Sunday, October 4, 2009

Arteries



A W
isconsin Political Fix
not just another blog
October 4, 2009

By Bill Kraus

Bill Safire died last week. He is remembered for many things by many people. My favorite and fondest recollection is based on a column he wrote on Election Day in the fall of 1978.

He wrote, “The wrong-headed rejection of political labels--the glorification of non-participation--is at the root of the rise of single issue voting which bids fair to make this year’s election more of a battle between local extremist groups than a referendum on the nation’s case of hardening of the arteries.”

This remarkable foresight was based on the fact that he saw the collateral damage that the congressional response to the Watergate excesses and the Supreme Court’s dictum which said in effect, “Money is speech and has the same freedoms and protections under the 1st amendment to the Constitution” would do to the election process in this country.

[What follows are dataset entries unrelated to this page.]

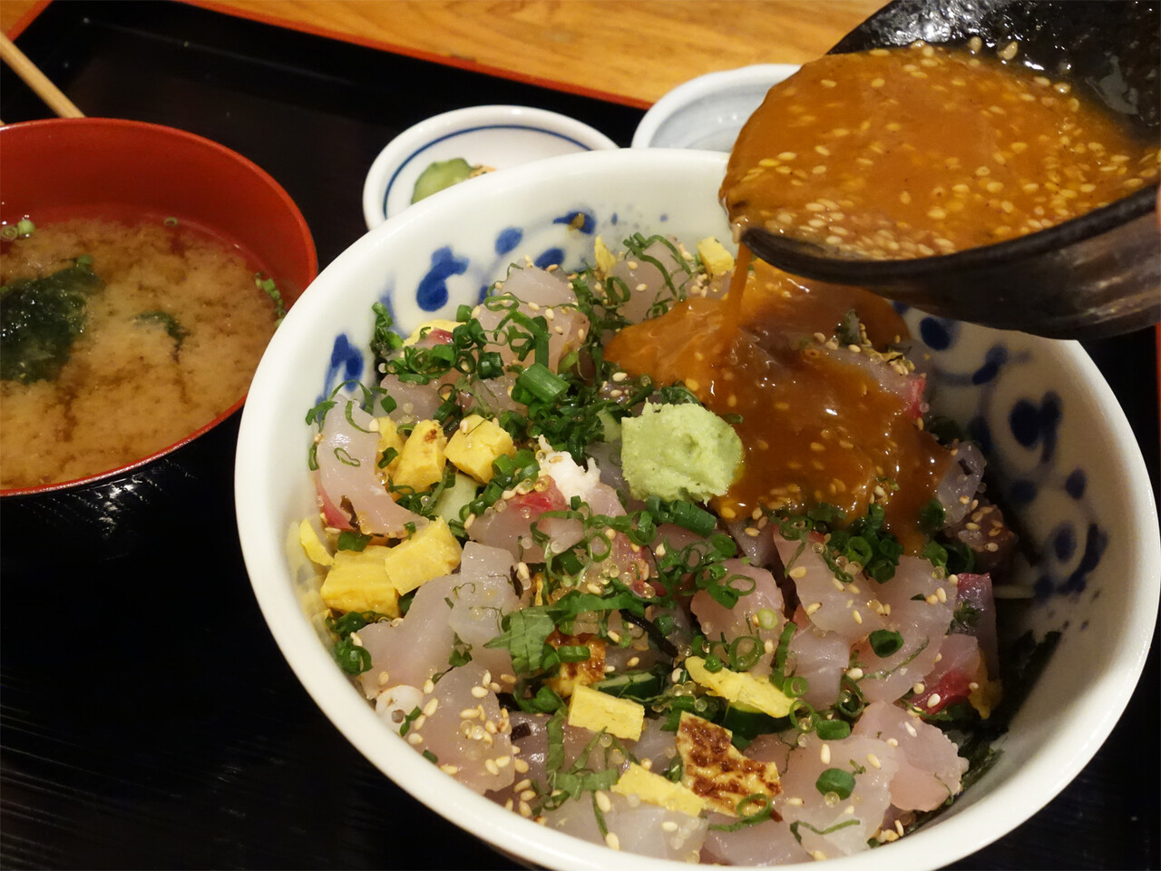 卵黄を落としたゴマダレをまぜまぜして、海鮮丼にかけて頂きます。
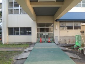 生徒昇降口の耐震等工事がはじまっていて、1階も2階も通行禁止に
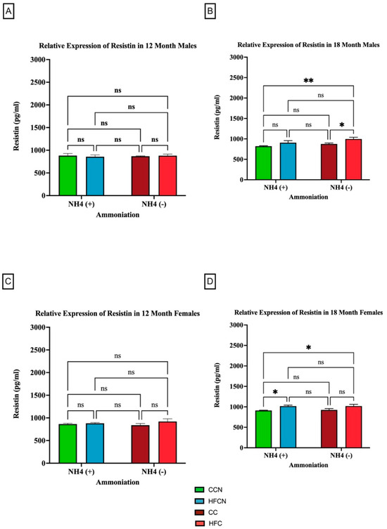Comparison of the effects of dietary fat content on resistin expression. Resistin protein levels were compared between sex and two different time points (12 months and 18 months) with respect to the effects of dietary protein source ± AHE. (A) Male mice at the 12-month time point. (B) Male mice at the 18-month time point. (C) Female mice at the 12-month time point. (D) Female mice at the 18-month time point. The colors represent diet groups as follows: green = CCN, blue = HFCN, burgundy = CC, and red = HFC. Statistical significance is denoted by ns = no significance; * = p < 0.05; ** = p < 0.01.
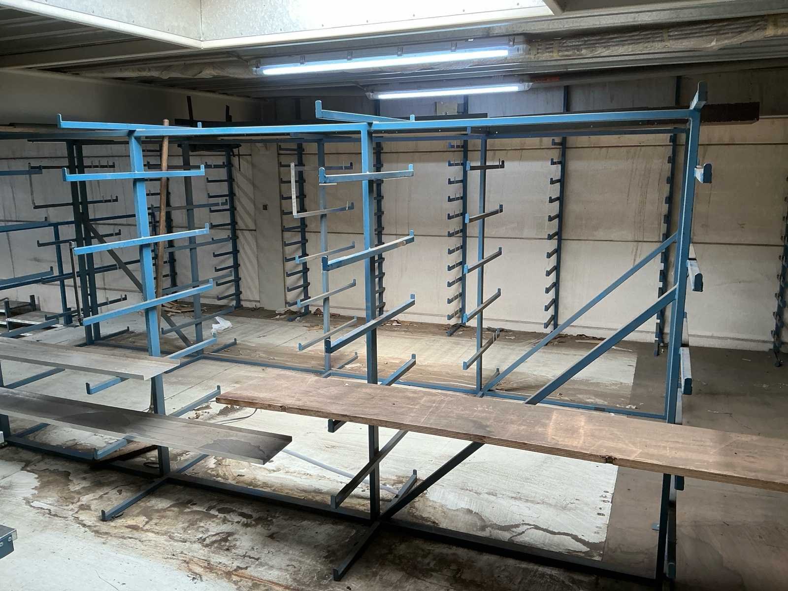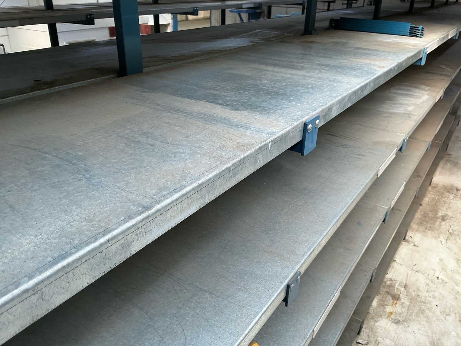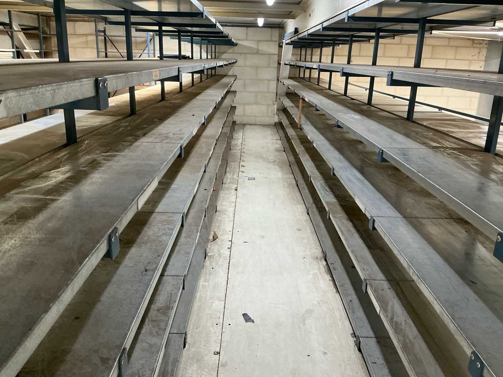Bestaande uit: 2x dubbele magazijnstelling (875 cm lengte, 200cm hoogte, 90cm diepte) met 6 rijen legborden. 2x dubbele magazijnstelling ( 460cm lengte, 170cm hoogte, 84cm diepte) zonder legborden 1x enkele magazijnstelling ( 600cm lengte, 175cm hoogte, 40 cm diepte) zonder legborden
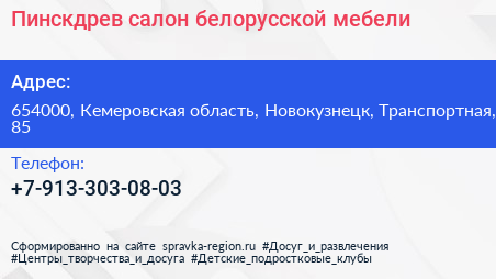 Пинскдрев, салон белорусской мебели по адресу 654000, Кемеровская область, Новокузнецк, Транспортная, 85 в дальнейшем Организация, размещена в следующих категориях:
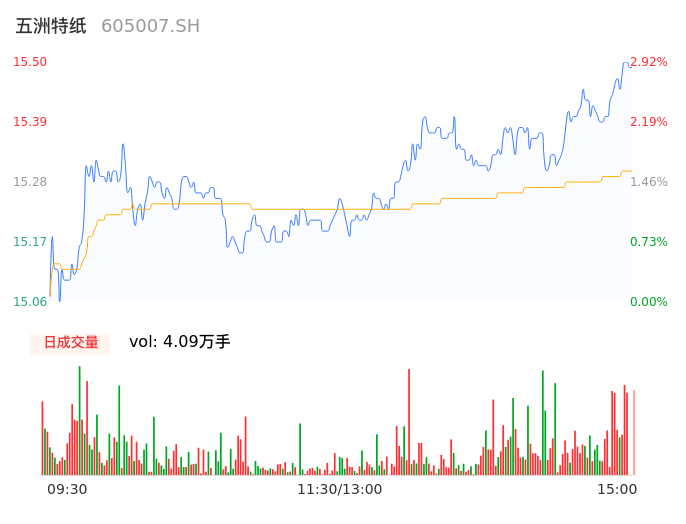 04月23日,五洲特纸收报15.49,股价涨幅2.86%,成交金额6257.51万元,换手率1.02%。
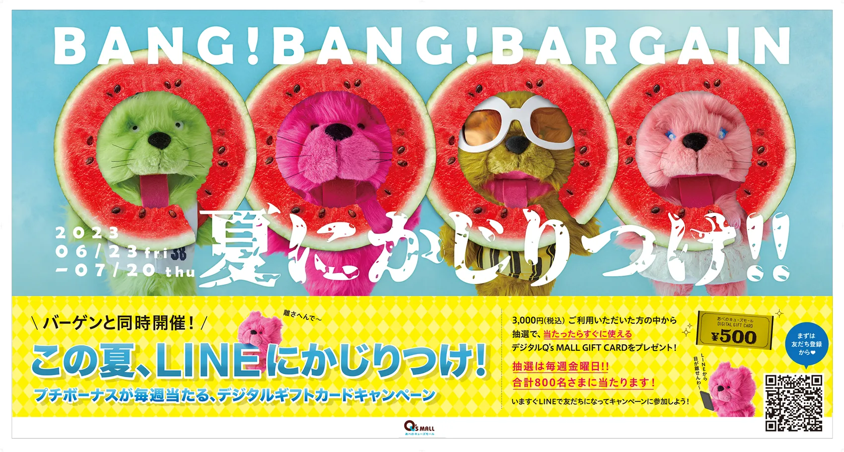 キューズモールの夏バーゲン「BANG!BANG!BARGAIN」を開催
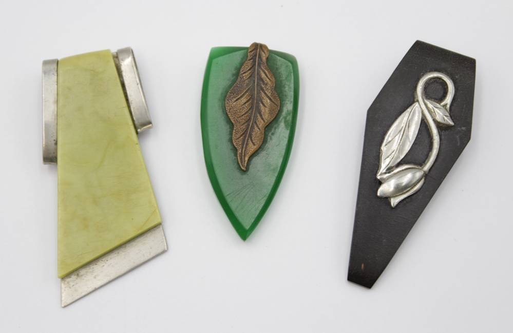3x div. Schal-Clips, Art-Deko, Bakelit/Metall, 1x wohl Jakob Bengel, ca. L-6cm [1]
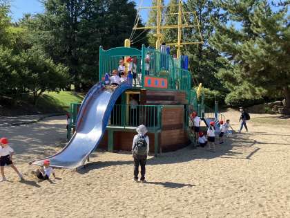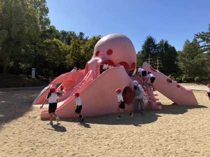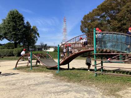 学校や近くの公園には無い大きな遊具で思い切り体を動かして楽しんでいます。
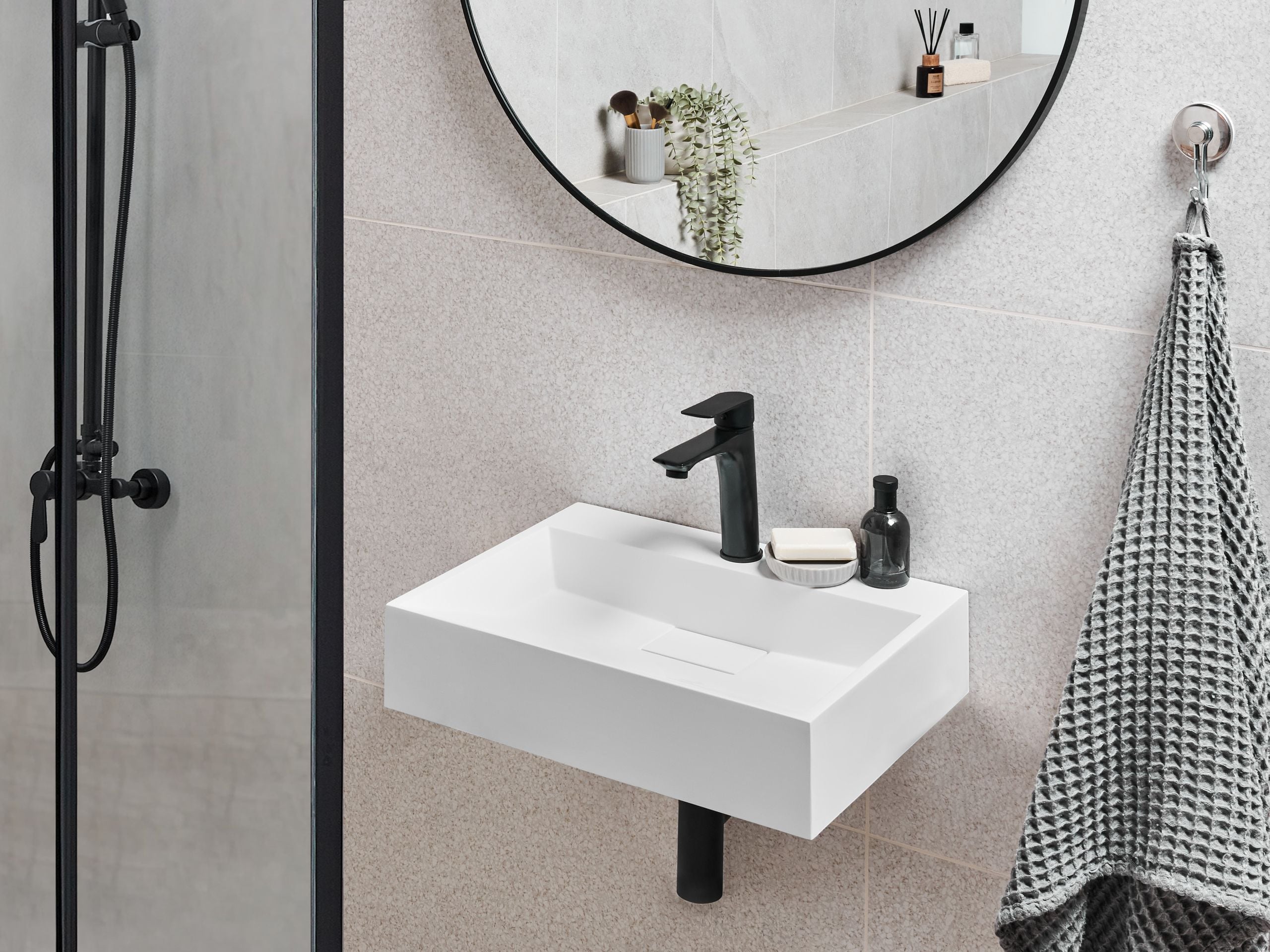 Suorakulmainen seinään kiinnitettävä allas. Tämä tyylikäs, seinään kiinnitettävä pesuallas yhdistää minimalistisen muotoilun ja toimivuuden, minkä ansiosta se sopii täydellisesti erikokoisiin moderneihin kylpyhuoneisiin. Korkealaatuisesta mineraalivalusta valmistetussa altaassa on sileä ja kestävä mattapinta, joka on helppo puhdistaa ja kestää päivittäistä käyttöä. Kompakti muoto säästää tilaa tyylistä tinkimättä ja tuo sisustukseen selkeää, nykyaikaista ilmettä.
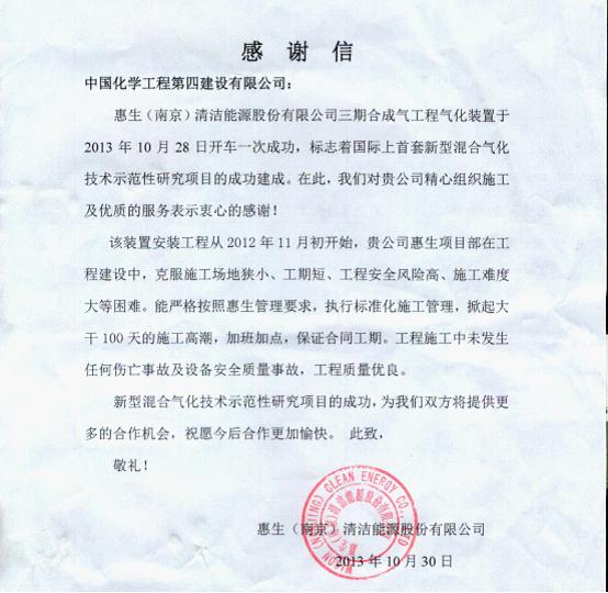 氣化裝置是繼其他各套系統(tǒng)開車成功后最后開車的核心裝置。它的成功開車標志著全部施工任務圓滿完成。分公司在該項目上創(chuàng)造了工程進度、質(zhì)量安全、業(yè)主服務三個一流,用心血和汗水為業(yè)主奉獻了精品工程,展示了化建湘軍的風采,更獲得了業(yè)主來信高度贊揚!
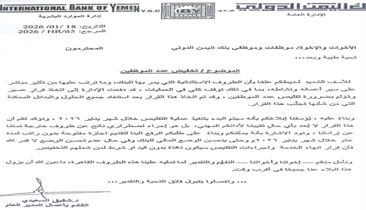 بنك اليمن الدولي يكشف عن تسريح موظفيه في صنعاء

What it would do, of course, is bureaucratize us.

The surest sign of bureaucratization is that we become more concerned with the process than with the problem. We become prisoners of the status quo.

Nowhere is this phenomenon more evident than in the raging debate in Washington and in the country at large about health care.

The problem is that health care in this country costs twice as much as it does in the countries our businesses must compete with in what has become a global marketplace without, incidentally, producing better health, longevity, or anything else on the indices we use to evaluate the outcomes.

Is anybody talking about that?

It doesn’t seem so.

Instead we are rallying around the system, the process. Saving the insurance companies, the doctors, the hospitals, the drug companies who would seem to be the fiscal beneficiaries of the problem no one is talking about.

The hardening of the nation’s arteries that Safire predicted 31 years ago is now in full flower.